[Information provided Boundary: Start]

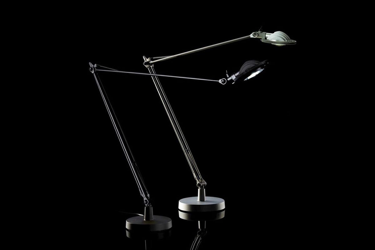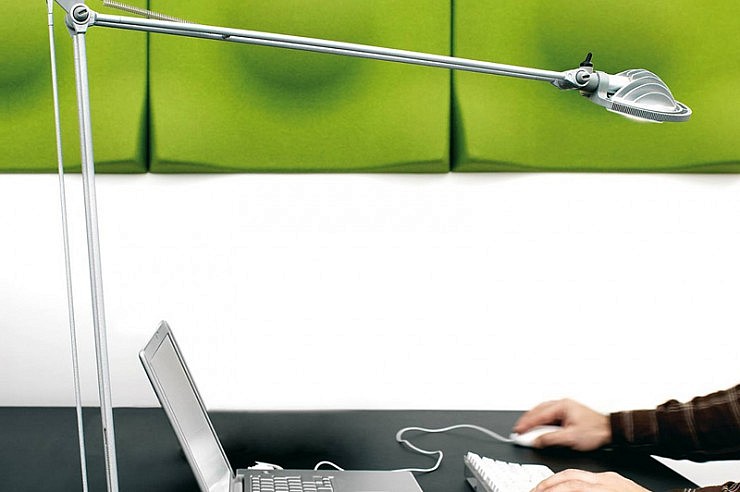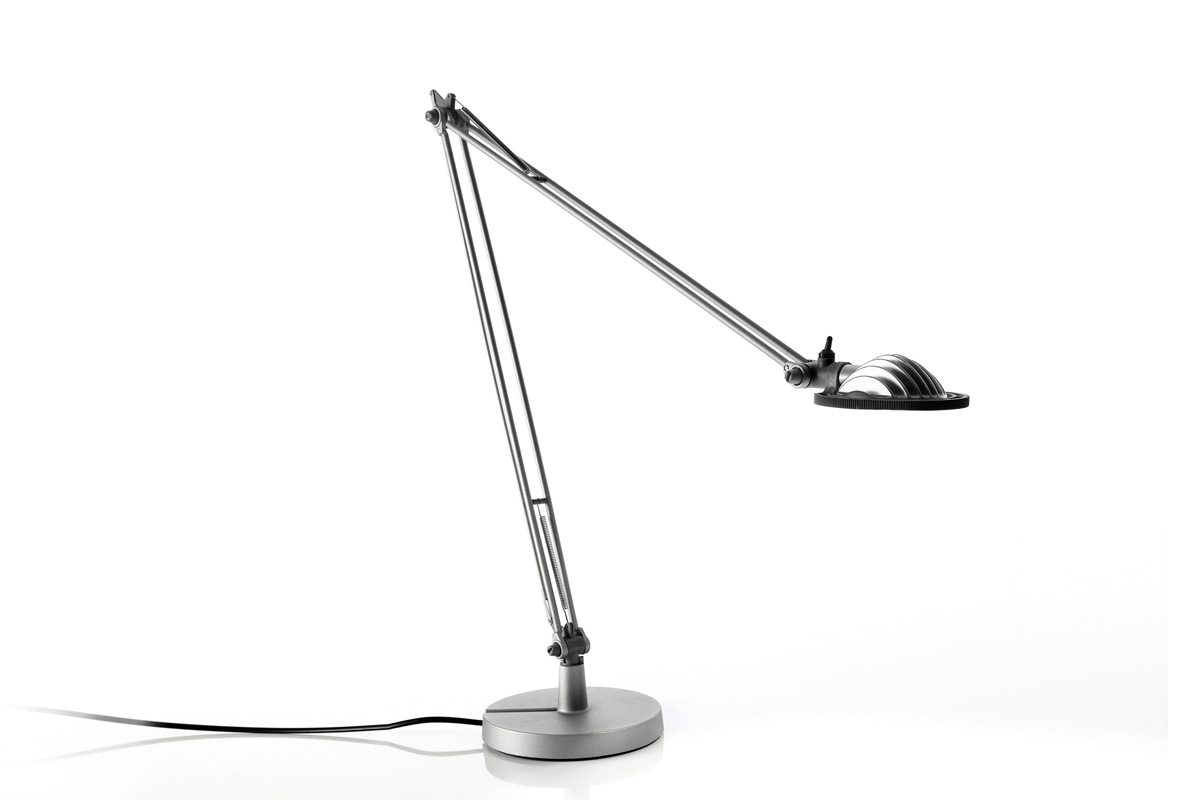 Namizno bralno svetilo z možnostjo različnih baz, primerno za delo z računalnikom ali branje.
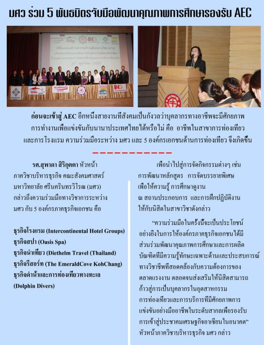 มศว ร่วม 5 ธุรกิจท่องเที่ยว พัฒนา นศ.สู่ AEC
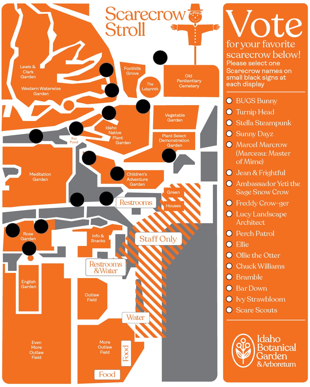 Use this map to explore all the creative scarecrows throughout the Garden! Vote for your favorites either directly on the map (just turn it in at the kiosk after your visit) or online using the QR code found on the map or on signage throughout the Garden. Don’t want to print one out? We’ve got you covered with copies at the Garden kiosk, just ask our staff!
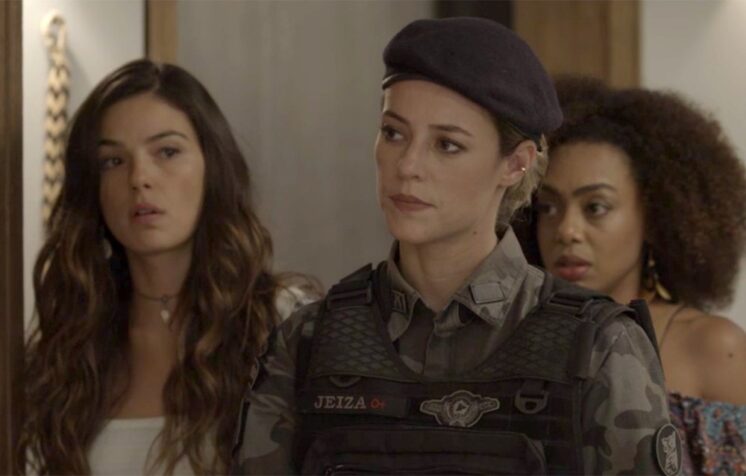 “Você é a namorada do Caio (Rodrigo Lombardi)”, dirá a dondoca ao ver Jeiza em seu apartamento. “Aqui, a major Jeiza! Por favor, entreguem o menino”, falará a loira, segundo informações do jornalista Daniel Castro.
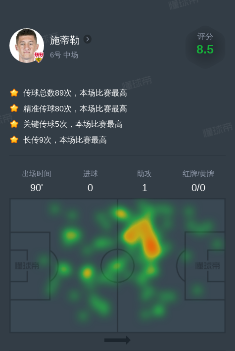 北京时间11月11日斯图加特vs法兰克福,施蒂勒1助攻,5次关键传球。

[Information provided Boundary: End]

Activity: Exactly the lines from the top of the listing through the line with "มศว ร่วม 5 ธุรกิจท่องเที่ยว พัฒนา นศ.สู่ AEC", and no pictures, should be printed.

Response area:
 Namizno bralno svetilo z možnostjo različnih baz, primerno za delo z računalnikom ali branje.
 มศว ร่วม 5 ธุรกิจท่องเที่ยว พัฒนา นศ.สู่ AEC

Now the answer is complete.